In the words of a reviewer, I need to make the reader sweat without saying that the day is hot. Believe me when I tell you that this is the hardest part, for economy with words can be as good or as bad as being too descriptive, which sort of loses it for the reader. Alastair Maclean was one of the best at haunting imagery for the action genre, while no one was better at depicting sheer pace as Robert Ludlum. Both have had their works made into very successful movies. For the latter, remember Jason Bourne?

 

 

The Dialogs

 

The second part are the dialogs – exchanges, witty or otherwise. A conversation that must flow quite naturally. There are several challenges, with inspiration drawn quite heavily from movies. First challenge and the biggest by far is the language – grammar, vocabulary, word concatenation, phraseology – need to be distinct and true to the character. You can’t have a woman talk like a man and vice versa. When the same person is doing the writing for all the characters, it’s so very easy to fall into the trap of having all characters being equally erudite, for example.

Challenge 2 is these interchanges need to be natural, flow like a stream. Here, the flaws are easy to spot. Bad scripts are characterised by characters waiting for the other to stop speaking to say their piece, more often than not to further the plot. Not okay. Here, irrelevance is the key.
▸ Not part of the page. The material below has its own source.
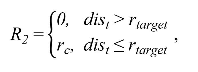獎勵R2是回合獎勵,其設置的目的是為了激勵智能體到達靶區,其計算公式如下: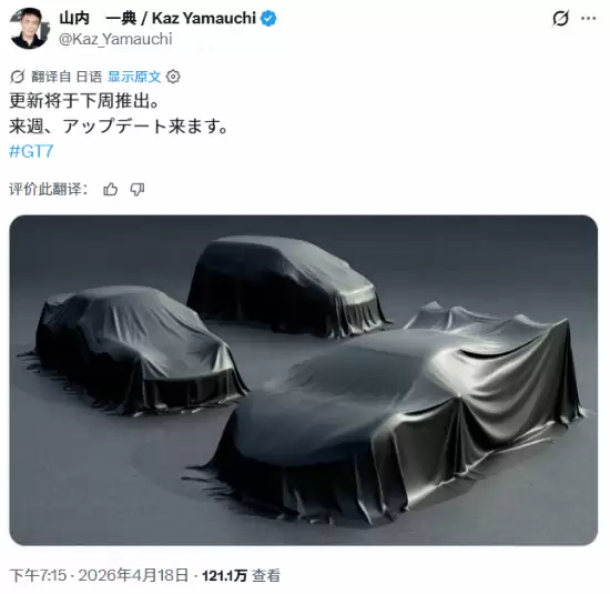就在4月18日,知名赛车游戏《GT7》的制作人山内一典,通过官方社交平台投下了一枚“重磅冲击波”。他正式宣布,游戏将于下周迎来一次版本更新,并随文附上了一张引人遐想的预告图——三辆被车衣严密覆盖的新车剪影。

I simply love this part of writing because I love the opportunity to build personality within a character. If you do it right, your character will write his or her own dialog. Here, I draw upon the greats – the method actors themselves. I imagine how Jack Nicholson prepared for his part in the aforementioned Academy Award winner. Or Bobby de Niro. Or Meryl Streep.

 

The Emotional Impact

 

The third part is the emotional impact that I want to create – any of the following: terror, pleasure, laughter, surprise, shock, anxiety, comfort, anguish, pain, redemption, satisfaction – the list is endless. I’ve discovered that this is the easiest of the lot because it is largely plot driven, with laughter being unsurprisingly the most difficult to achieve. I daresay it happens almost by accident as I’m imagining two people sparring with one another. A sense of timing is vital for good comedy – ask any stage actor.

Anxiety is easier – assaults, gunshots, bombs – they all work. Surprise too – a revelation does the trick. Done properly, it’ll seem natural and orderly, but still requires planning. The biggest pitfall to avoid is implausibility, which, to be fair, is more about what not to do than otherwise. All I have to do is remember cringeworthy moments from daytime dramas or badly written procedurals. Movies help because the good ones make you feel these emotions aplenty.
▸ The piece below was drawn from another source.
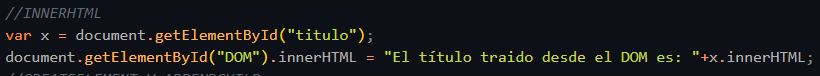 Elemento.innerHTML: Cambia el contenido del elemento HTML buscado.

What was it about Gregory Peck wandering the empty palace hall that brought a lump to one’s throat in the last scene of Roman Holiday? Or anxiety when Jack Lemmon stuttered in his interview with Jane Fonda, sounding like a crazed lunatic in China Syndrome? Or terror when Chigurh flips a coin at the gas station to decide the owner’s fate in No Country for Old Men? It’s atmosphere.
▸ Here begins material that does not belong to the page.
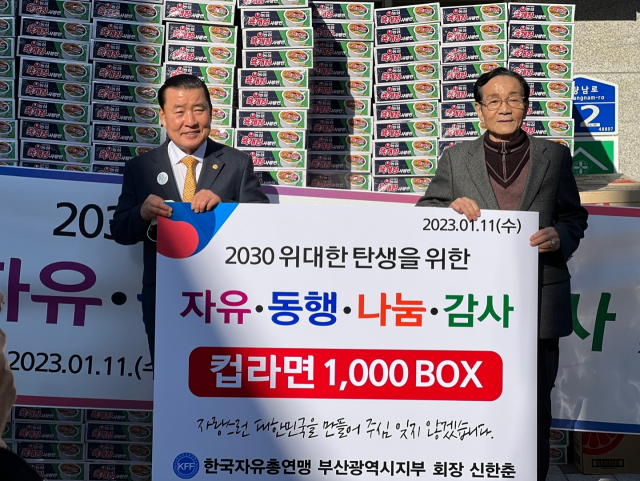 한국자유총연맹 부산광역시지부 신한춘 회장은 지난 11일 설 명절을 맞이해 동구노인복지관에 500만 원 상당의 사랑의 라면을 전달했다.

To recreate these moments on paper is art of its own purest form, a culmination of all the aforementioned aspects, inspired by unforgettable cinema, well-written magnum opera or combinations thereof. Opinions vary. Words are easier. Words are harder. You decide.

I try. I don’t always succeed. You see, it’s the journey. It has to be fun. It has been for me thus far and I have hopes for the future. Hope you enjoyed it. I know that I did. Let me know what you think.